September 11, 2021
UNIVERSALITY OBVIATES LIBERTY CONCERNS:
Vaccination Mandates Are an American Tradition. So Is the Backlash: The roots of U.S. vaccine mandates predate both the U.S. and vaccines. (Maggie Astor, Sept. 9, 2021, NY Times)
The polio vaccine was less controversial, mainly because it wasn't initially mandated and because it had been funded by a widely respected nonprofit: the National Foundation for Infantile Paralysis, now called the March of Dimes. This reduced opposition based on mistrust of pharmaceutical companies, and most parents willingly got their children vaccinated.
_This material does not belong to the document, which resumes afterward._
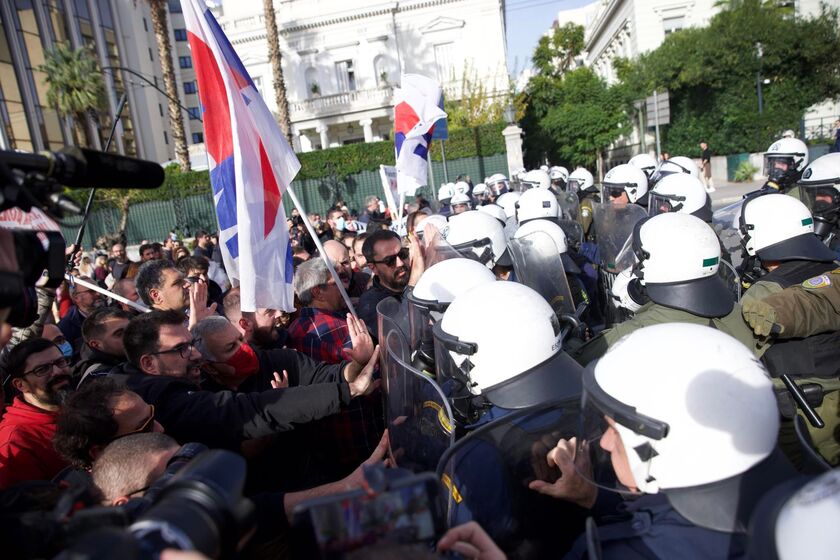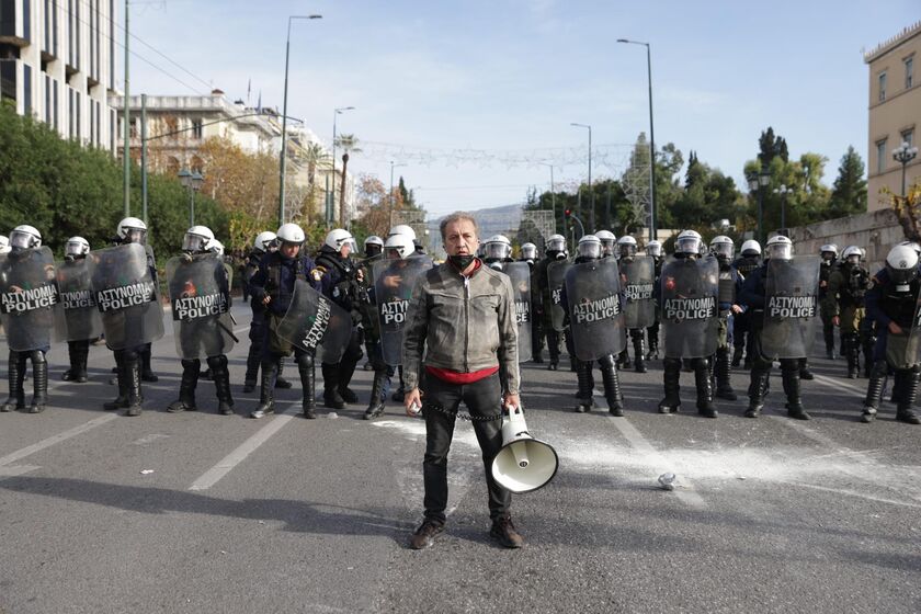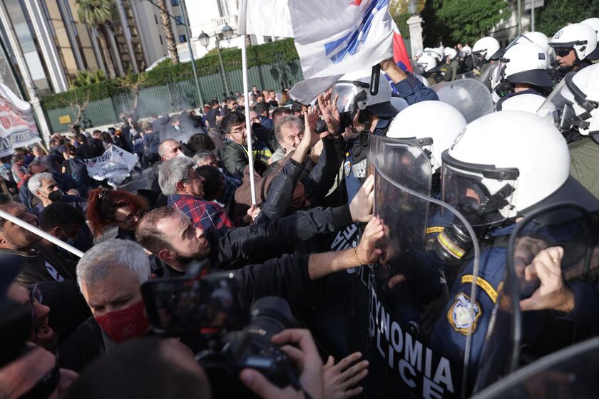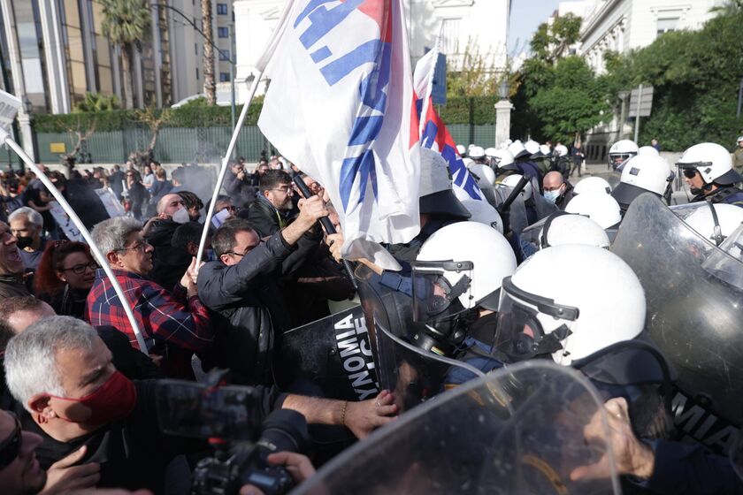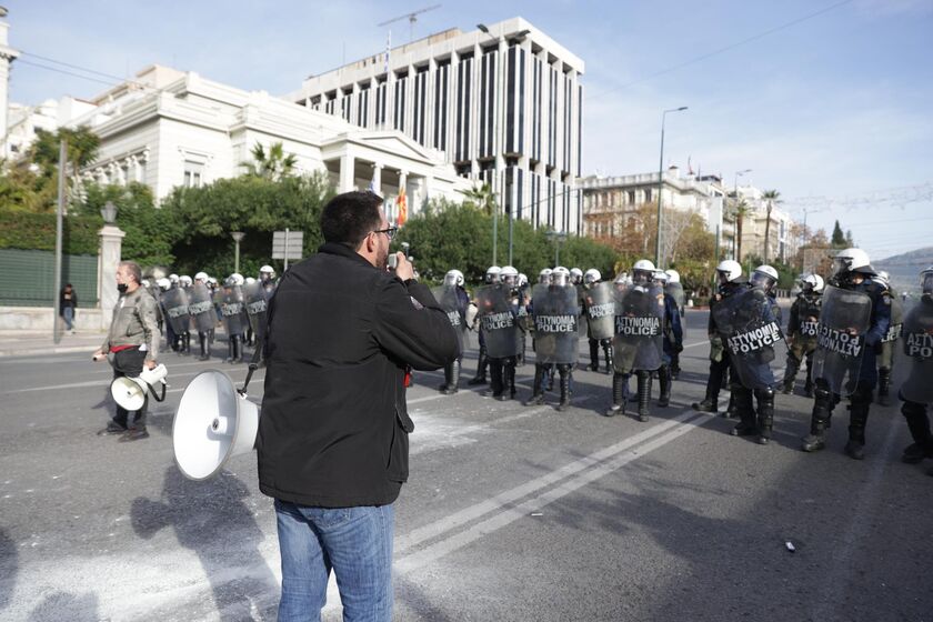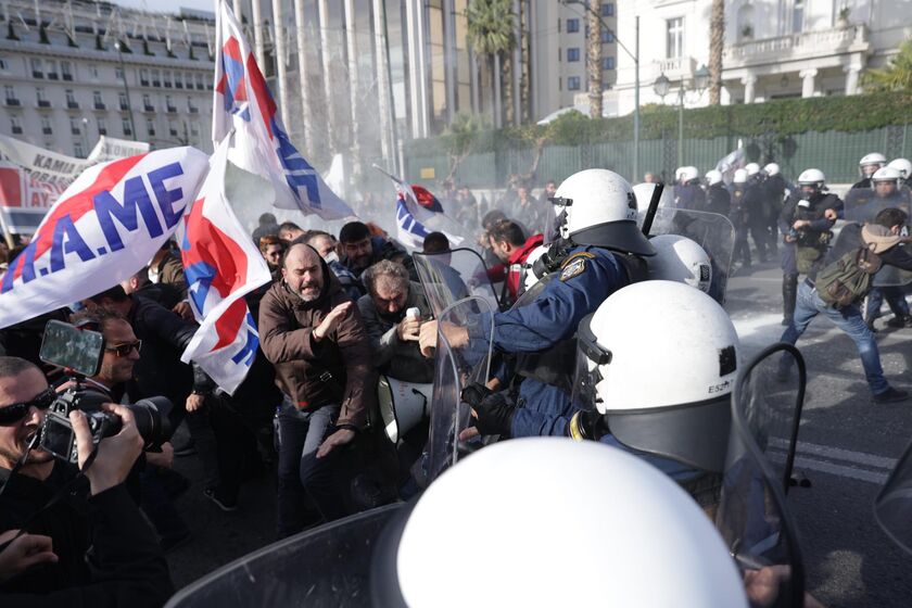Ένταση σημειώθηκε έξω από τη Βουλή, όπου ομάδα συγκρούστηκε με δυνάμεις των ΜΑΤ στο περιθώριο της πορείας των εκπαιδευτικών και άλλων συνδικαλιστικών οργανώσεων.

The measles vaccine, too, was not particularly controversial because mandates were not initially enforced."Nobody was enforcing vaccination, and so it simply didn't elicit that mistrust," Professor Conis said. In the smallpox era, by contrast, "skeptical people said, 'Well, why are we doing this? It just benefits the companies making the vaccine and the doctors administering the vaccine, and why should we trust any of them?'"But the fear and anger came roaring back with the introduction of childhood vaccination mandates in the 1970s. By 1980, all 50 states required schoolchildren to be vaccinated against an array of diseases.None of it is new, but one thing distinguishes today's anti-vaccination protesters from those of the past. The opposition was always political. It wasn't always partisan.